The U.S. auto industry is entering a “new normal” where automakers and dealers will labor harder to maintain profits, a report by Dave Cantin Group and Kaiser Associates says.
During the COVID-19 pandemic, supplies of vehicles on dealer lots fell. That meant higher vehicle prices and increased margins for automakers and dealers.
That is likely to shift this year, according to the report.
“The U.S. automotive industry has had an exceptional last few years,” the report said. “Indeed over the past 3+ years it seems like everyone won – everyone, that is, except the consumer (who has paid higher prices for fewer choices, longer lead times and more competition to get a vehicle at all.)”
In 2024, industry’s new normal “won’t look quite as attractive as it did in 2023, but better than it did (for manufacturers and dealerships) in 2019,” the report said.
Dave Cantin Group and Kaiser conducted interviews with industry analysts and executives as well as surveying more than 1,000 consumers.
Among the factors cited by the report as having an impact on the industry:
—“The economic climate in the U.S. is healthier than predicted going into 2024 – but a positive macro economic climate increases the complexity facing the industry.”
Interest rates may begin to decline later this year after efforts by the Federal Reserve to curb inflation. In turn, dealers may need to boost inventory and increase advertising spending, according to the report.
“Dealerships should expect to work harder to maintain profitability in 2024,” the report said.
At the same time, declining interest rates “are likely to unlock pent-up demand, resulting in greater vehicle sales.”
—Consumers surveyed are more likely than ever to buy SUVs. Of respondents, 44% said they want an SUV for their next vehicle.
“Consumers may be moving toward SUVs because of reliability, versatility, and safety, despite higher price tags,” the report said. “This shift may also align with brand preference: some of the brands consumers are most likely to buy are primarily known for SUVs.”

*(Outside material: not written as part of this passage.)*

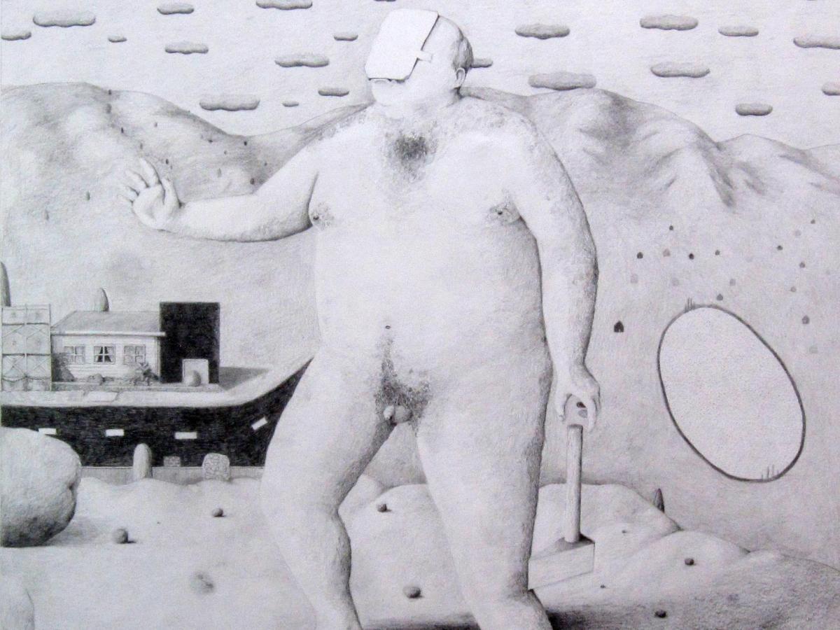 Cameron McRae’s portrait of world-famous wood chopper David Foster entitled ‘David Foster enters the Burnie Betta Milk Wearable Paper Art Prize’, has taken out the RACT Insurance Tasmanian Portraiture Prize.

Automakers, including General Motors Co., Ford Motor Co., Toyota Motor Corp. and Nissan Motor Co. have retired car models over the past several years. Ford, for example, said in an April 2018 earnings announcement, that 90% of its North American vehicle fleet would be trucks, SUVs and commercial vehicles by 2020.
The report said increased SUV deliveries will mean higher revenues and profits, according to the report.
—International situations such as U.S.-China tensions and Middle East conflicts could still disrupt the industry. “Geopolitical conflicts could drive a U-turn on consumer sentiment” and lower the willingness of automakers “to make strategic investments,” the report said.